Afaik, the Palo’s downgrade traffic to HTTP 1.1 by manipulating the TLS exchange – so you might not even see any HTTP/2 traffic. Iirc adding support for HTTP/2 was on their roadmap but not a high priority.
You can check if you actually have HTTP/2 negotiated connections by monitoring the pre-decrypted traffic and looking for the negotiated protocol in the ssl.log. The ALPN designator for standard http2 is ‘h2’.
Thanks, Murad! I checked ssl.log and do see a good amount of traffic with “h2” listed, so it looks like I’m definitely seeing this on my network.

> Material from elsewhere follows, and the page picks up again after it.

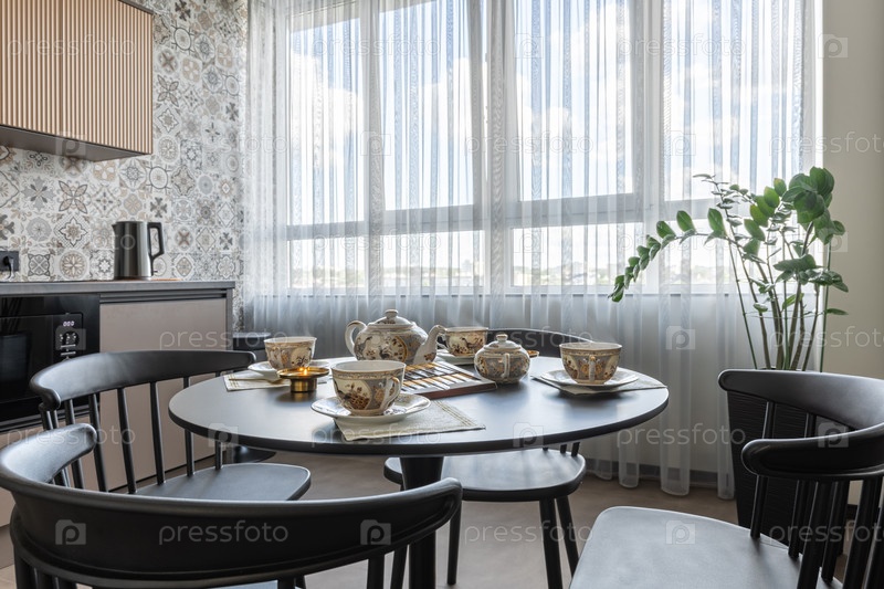 Порцелановый чай с чашками и чайником на черном круглом столе в ярком современном кухонном интерьере с большими окнами

Only reason I believe that Palo is still sending it as HTTP/2 traffic is because the monitor tab has a “HTTP/2 Connection Session ID” and each line entry that has a non-zero value for that field seems to be missing a corresponding log in Zeek. Whereas anytime there’s a zero value in that column, presumably denoting HTTP/1.1 traffic, Zeek is able to analyze it successfully.
It’s not a big deal, but I was so excited to have Zeek analyze my decrypted traffic only to find that most of it is HTTP/2. I suppose I’ll wait for the official analyzer or learn how to write one myself. 
Thanks,
Eric
Weird. I’d recommend opening an issue on github, if you can. Ideally, if you can provide a pcap, it’ll help with troubleshooting. But there are other things we can check.
Thanks, Murad. I just found the option in Palo Alto to force the downgrade to HTTP/1.1 and Zeek is now seeing that traffic, thanks for the tip. I’ll still try to grab a PCAP of HTTP/2 traffic and see if I can open an issue.